Дверь дома Сильвии не заперта; никого не встретив, он входит, поднимается к ней в комнату и застает ее за плетением кружев. Разыгрывается сцена из «Дафниса и Хлои», в которой Жерар рассказывает юной поселянке, внимающей ему крайне удивленно, о своем ночном путешествии, о чувствах, охвативших его среди бескрайнего леса, о своем восторге перед лицом рассеивающейся тьмы и нарождающегося дня.
— Вы устали? — спрашивает девушка, когда он закончил.
— Ничуть, — отвечает Жерар.
— Что ж, раз вы не устали, я заставлю вас побегать еще: мы пойдем в Отис навестить мою старую тетушку.
Отис! Да ради одного названия этой деревни Жерар побывал бы там. Отис! Разве при этих звуках не чудится селение, белеющее под прекрасным небом Греции, между Пиреем и Саламином?
И вот два прелестных ребенка отправляются в путь; словно Дафнис и Хлоя, носятся они по берегам Кефиса… да нет, Тевы, по лугам, пестреющим маргаритками и лютиками. Выйдя из леса, они попадают на поле, сплошь усеянное пурпурной наперстянкой, колокольчики которой колышутся на ветру, роняя жемчужные капли росы.
Девушка рвет цветы охапками.
— Что вы собираетесь с ними делать? — спрашивает Жерар, уже искушенный в ботанике и знающий, какой яд можно извлекать из этих ярких цветов.
— Это для тетушки, — отвечает Сильвия, — вы не представляете себе, как она будет радоваться, поставив эти красивые цветы у себя в комнате.
Они пересекают небольшую равнину, а затем, увидев, что вдали замаячил острый шпиль колокольни Отиса, пускаются бегом, чтобы побыстрее туда добраться.
«Тетушка Сильвии, — рассказывает Жерар, — обитала в небольшой хижине, сложенной из неровных кусков песчаника и сверху донизу увитой хмелем и диким виноградом; она жила одна, питаясь тем, что давал ей клочок земли, который после смерти мужа ей помогали обрабатывать односельчане. Когда племянница вошла в дом, там словно занялся пожар!»[78]

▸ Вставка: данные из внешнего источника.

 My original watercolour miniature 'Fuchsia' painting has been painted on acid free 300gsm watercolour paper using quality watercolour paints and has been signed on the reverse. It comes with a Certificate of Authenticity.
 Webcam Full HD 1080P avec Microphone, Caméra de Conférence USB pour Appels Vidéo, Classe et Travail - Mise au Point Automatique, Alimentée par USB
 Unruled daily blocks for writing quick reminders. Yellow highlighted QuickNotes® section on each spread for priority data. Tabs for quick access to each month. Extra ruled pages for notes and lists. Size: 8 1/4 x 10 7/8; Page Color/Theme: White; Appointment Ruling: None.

— Добрый день, тетушка! Ваши детки пришли, и они умирают с голоду!
(Повторяю, дорогая сестра, я цитирую по памяти; так что не сердитесь на меня, если я заменяю отдельные слова другими.)
— А это вам, тетушка!
И Сильвия вручает ей охапку цветов; тетушка целует племянницу.
— А кто этот парень? — спрашивает она.
— Мой ухажер, — храбро отвечает Сильвия.
Жерар в свой черед целует тетушку.
— А он хорош собою, — произносит старушка. — К тому же блондин!

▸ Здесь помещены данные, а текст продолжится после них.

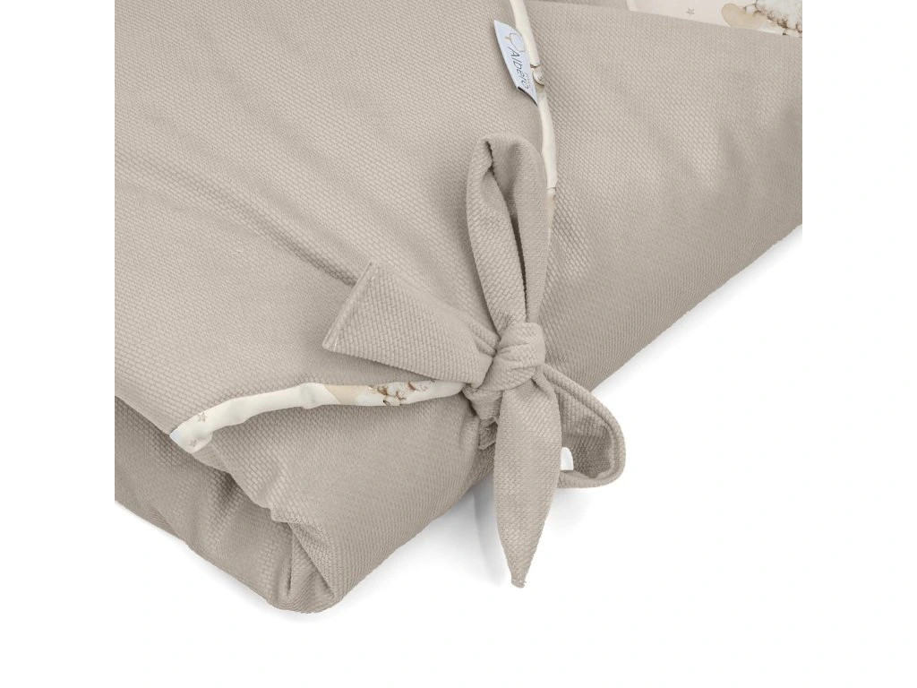 Proizveden u Poljskoj od visokokvalitetnih materijala, Albero Mio velvet swaddle nosi Oeko-Tex certifikat, jamčeći sigurnost i zdravlje čak i za najosjetljivije novorođenče. S unutrašnjom stranom od 100% pamučnog satena s ekološkim printom i vanjskom od mekanog poliesterskog baršuna, ovaj jastučić je primjer inovativne udobnosti. Iako tkanina može blago izblijedjeti uslijed učestalog pranja i izlaganja suncu, njezina sigurnost i funkcionalnost ostaju neupitne.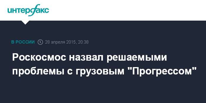 Москва. 28 апреля. INTERFAX.RU - Ситуация с грузовым кораблем "Прогресс" находится под контролем, заявил во вторник представитель Роскосмоса Игорь Буренков.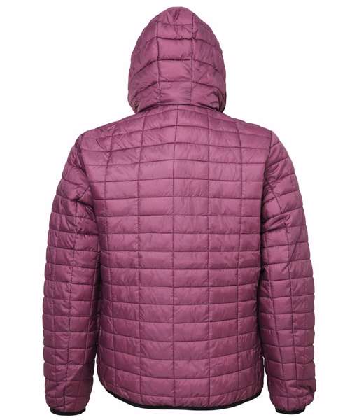 Contrast coil zip on centre front with signature zip puller and mouse tail piping on each side of zip opening. Front and back square stitched baffles with linear side narrow baffles. 250gsm lightweight polyester fill. Fully-lined in tonal polyester. Inset welt pocket with concealed zip opening and double zip garages. Contrast stretch binding on hem, cuffs and hood opening for added protection. Internal piping around inside facing. Secure hood attached to collar. Internal zipped opening on back panel for embroidery access. Internal welt pocket. Product contains no branded neck label.* Removable Kimble or looped garment tags. Inner seam label holds important product information on one label with a second label containing brand information which can be cut-away.

И она вздыхает; возможно, на другом горизонте ее жизни тоже промелькнул какой-то блондин.
— Правда, у него красивые волосы? — спрашивает Сильвия.
Тетушка покачала головой.
— Это быстро проходит, — говорит она.
И действительно, спустя пятнадцать лет, со времени первого приступа душевной болезни, у Жерара начали выпадать волосы!
На столе появляются молоко, лесная земляника, вишни из сада, яйца из курятника — на скорую руку накрытый завтрак, который, благодаря художественному мастерству Жерара, одаренного им в высшей степени, вы видите так, словно он изображен на полотне Мириса.

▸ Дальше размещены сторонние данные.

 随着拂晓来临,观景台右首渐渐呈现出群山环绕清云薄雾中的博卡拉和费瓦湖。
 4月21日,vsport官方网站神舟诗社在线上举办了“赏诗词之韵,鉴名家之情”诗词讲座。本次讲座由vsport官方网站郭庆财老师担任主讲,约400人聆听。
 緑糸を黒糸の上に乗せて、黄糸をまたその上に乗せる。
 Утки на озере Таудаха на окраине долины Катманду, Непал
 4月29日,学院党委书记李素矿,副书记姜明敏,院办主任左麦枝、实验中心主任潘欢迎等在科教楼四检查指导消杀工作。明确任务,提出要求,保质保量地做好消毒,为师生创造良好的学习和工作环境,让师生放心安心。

Сильвия хочет сделать омлет, но тетушка противится.
— И не вздумай дотрагиваться до сковороды и печки! Вот еще! Портить милые пальчики, которые плетут кружева прекраснее, что в Шантийи! Ты мне их дарила, а уж я-то знаю толк в кружевах.
— А кстати, тетушка! Нет ли у вас кусков старинных кружев? Они бы послужили мне в качестве образца.
— Посмотри наверху в комоде, там, наверное, есть.
— Тогда дайте мне ключи.
— Что за новости! Ящики не заперты.
— Но один, тетушка, всегда на запоре.
Сильвия берет связку ключей и стрелой взлетает по лестнице; Жерар идет следом, но, вероятно, помедленнее; видеть, как юная девушка, опережая тебя, взбегает по лестнице, такое волшебство!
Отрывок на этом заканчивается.